Posted by Jesper on December 19, 2025

This week, the ACM made the monumental(ly stupid) decision to replace the abstracts of papers on their Digital Library website by AI-written summaries. While this did not apply to all papers, and it was only visible to “premium members” (which includes anyone logging in from the network of a university that has an ACM subscription), it was not just annoying but actively harmful to science, as explained in much more detail in this blog post by Anil Madhavapeddy. Because of some significant backlash from the community, it was quickly decided to stop presenting the AI summaries as the default view and to add a disclaimer. Still, the fact that the people in charge at ACM decided this was a good idea in the first place should be pretty worrying to the computer science community.

Unfortunately, this is not the first time that the ACM has made some questionable decisions either. I can highly recommend reading this blog post by William Bowman if you want to understand more about the harmful decisions that have been made from a profit-seeking motive over the past few years.

So what can we do about this? Well, since the ACM is supposed to be a community of computer science researchers, it makes sense to try to argue for the ACM to adapt its policies and improve its organization so these decisions are made in a better (more democratic and less profit-seeking) way in the future. However, this approach has its limitations, as was already pointed out clearly in this Mathstodon post by Jon Sterling from 2023, which I will quote here in full:

I think it is so interesting that whenever anyone criticises ACM, someone comes out of the woodwork to say “ACM is a democracy of its membership, if you want to change it, vote or join a committee!”

We already tried that. Some of our very best researchers already serve on these committees and are doing their best to solve these problems, but there has been literally no change and no indication that changes are likely on many important issues (I recognise that some things have improved). If you are doubtful, ask yourself whether ACM is still farming out your papers’ typesetting to expensive and incompetent firms that replace your (somewhat) accessible vector-art mathematical figures with blurry screenshots in raster format…

If there were any way to resolve this through ACM’s democracy, that would have happened already. I have too much respect for the community members serving on the pertinent committees to conclude otherwise…

What is really happening is that people with legitimate complaints are being told to “feed the beast” — there is no better way to put someone out of action is to get them stuffed into a committee somewhere.

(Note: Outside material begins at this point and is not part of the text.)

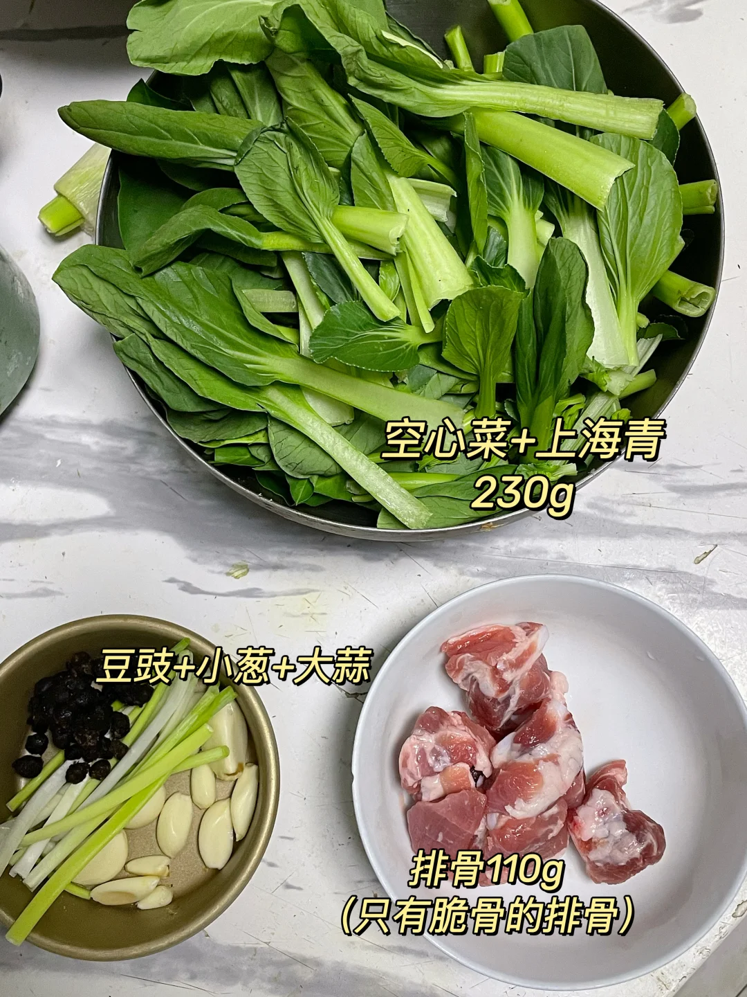 午 米饭+炒青菜+豉汁排骨

A more radical approach would be to vote with our feet and move away from ACM as the central point of organization of our community. I’m not (necessarily) calling for a full boycott, but we should at least be aware that a better way of publishing papers exist and support those alternatives by submitting papers to them and reviewing for them when we are in a position to do so. To make this process a little easier, I made a list of all the journals, conferences, and workshops that set the right example. In particular, I believe the following publishers are doing a great job at publishing open access papers in a way that is affordable (or even free) and transparent to authors and readers alike:

Besides being a publisher, Schloss Dagstuhl also runs the invaluable dblp bibliography website, which is currently looking for support. While Schloss Dagstuhl publishes papers independently, Episciences and OPA both rely heavily on arXiv (supported by Cornell, other universities and you) and HAL (supported by CNRS, Inria, and INRAE).

So without further ado, below are the good places to send your papers in the field of type theory, interactive theorem proving, and dependently typed programming. If you are in a different subfield of computer science, I encourage you to make your own list and publish it somewhere, I would be happy to link it here!

Journals

Conferences and workshops

I would like to thank Meven, Jeremy, and Niels for their contributions to this list!

It was also suggested that I should add the ETAPS conferences (ESOP, FASE, FoSSaCS, and TACAS) to this list. While they are published by a large traditional publisher (Springer), they have a strong open access policy and have negotiated a reasonable rate (180€ per paper) which is fully covered by the conference registrations, so they are no direct costs for authors other than the conference registration (which is mandatory). Notably, SpringerLink does not include any “premium” features such as AI summaries. However, Niels pointed me to an interview with the CEO of Springer from January where he mentions AI as “one of his three strategic priorities”, so I take this with a large grain of salt. Personally, I would not hesitate to send a paper to one of the ETAPS conferences but I don’t think they really set an example of what publishing could be like the options I listed above.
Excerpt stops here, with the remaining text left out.